INPUT FOR THIS TASK: Begin

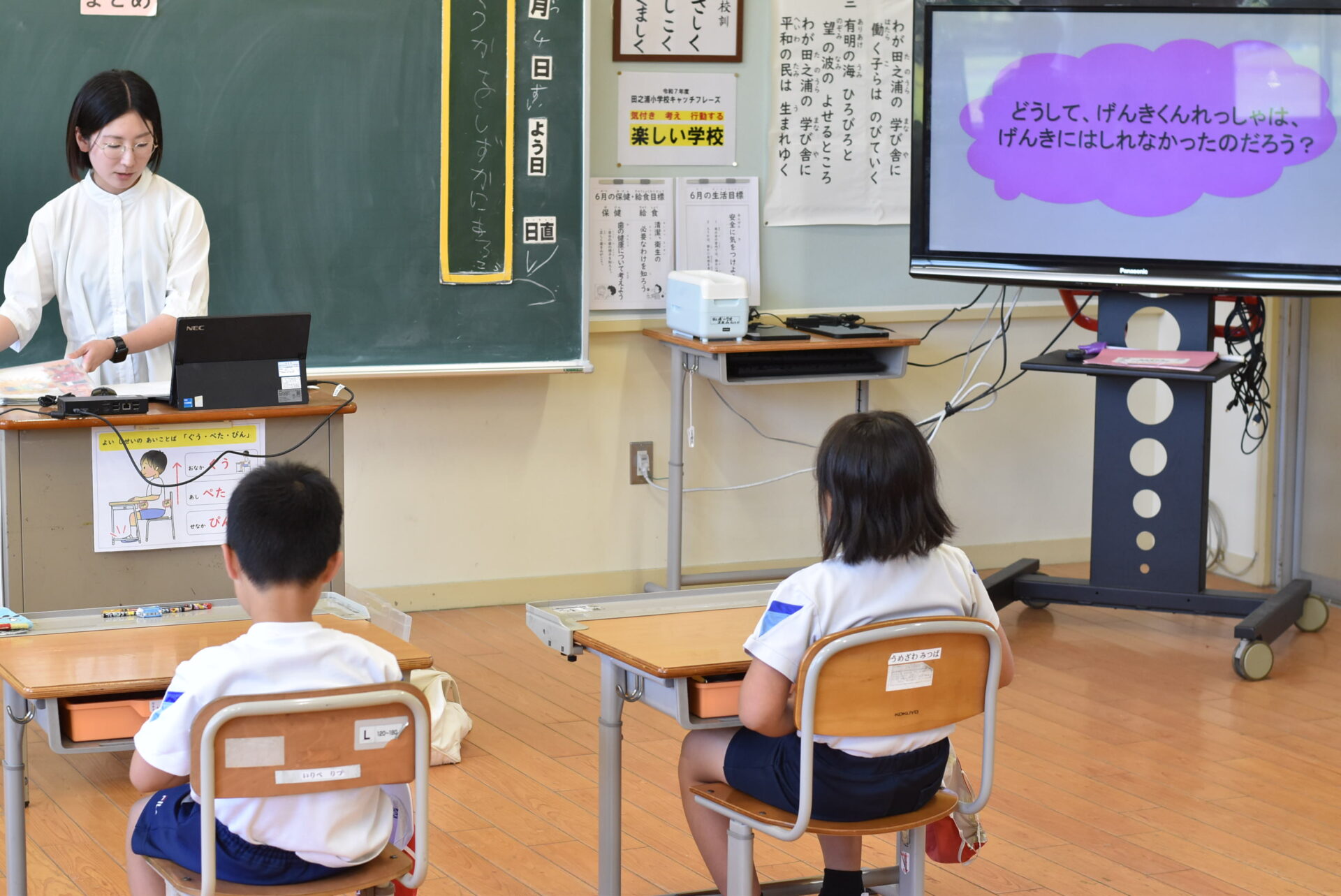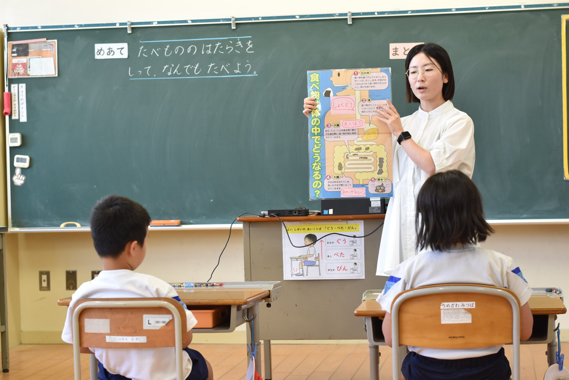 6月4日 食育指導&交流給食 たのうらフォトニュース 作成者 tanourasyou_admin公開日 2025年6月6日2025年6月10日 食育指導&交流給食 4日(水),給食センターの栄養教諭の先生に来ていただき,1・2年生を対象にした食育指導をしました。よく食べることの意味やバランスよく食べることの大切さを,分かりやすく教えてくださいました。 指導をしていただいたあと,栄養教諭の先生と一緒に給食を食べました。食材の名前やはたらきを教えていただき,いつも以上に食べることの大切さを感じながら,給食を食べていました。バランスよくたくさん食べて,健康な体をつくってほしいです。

INPUT FOR THIS TASK: End
INPUT FOR THIS TASK: Begin

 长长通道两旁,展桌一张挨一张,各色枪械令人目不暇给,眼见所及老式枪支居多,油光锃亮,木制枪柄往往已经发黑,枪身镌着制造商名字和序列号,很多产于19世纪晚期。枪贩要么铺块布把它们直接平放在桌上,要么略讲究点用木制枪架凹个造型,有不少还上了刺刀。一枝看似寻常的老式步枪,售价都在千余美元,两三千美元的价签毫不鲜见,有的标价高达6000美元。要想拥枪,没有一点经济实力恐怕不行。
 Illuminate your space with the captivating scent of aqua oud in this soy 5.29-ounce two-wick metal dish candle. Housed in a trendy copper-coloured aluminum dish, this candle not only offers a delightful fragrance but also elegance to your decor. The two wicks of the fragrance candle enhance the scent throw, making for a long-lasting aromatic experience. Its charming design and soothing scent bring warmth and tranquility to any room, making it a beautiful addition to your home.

INPUT FOR THIS TASK: End

▸ **EXERCISE PROMPT**
Restate word for word the entries above from the line with "长长通道两旁,展桌一张挨一张" through the line with "Illuminate your space", inclusive, leaving out everything else.

▸ **RESPONSE TO THIS EXERCISE**
 长长通道两旁,展桌一张挨一张,各色枪械令人目不暇给,眼见所及老式枪支居多,油光锃亮,木制枪柄往往已经发黑,枪身镌着制造商名字和序列号,很多产于19世纪晚期。枪贩要么铺块布把它们直接平放在桌上,要么略讲究点用木制枪架凹个造型,有不少还上了刺刀。一枝看似寻常的老式步枪,售价都在千余美元,两三千美元的价签毫不鲜见,有的标价高达6000美元。要想拥枪,没有一点经济实力恐怕不行。
 Illuminate your space with the captivating scent of aqua oud in this soy 5.29-ounce two-wick metal dish candle. Housed in a trendy copper-coloured aluminum dish, this candle not only offers a delightful fragrance but also elegance to your decor. The two wicks of the fragrance candle enhance the scent throw, making for a long-lasting aromatic experience. Its charming design and soothing scent bring warmth and tranquility to any room, making it a beautiful addition to your home.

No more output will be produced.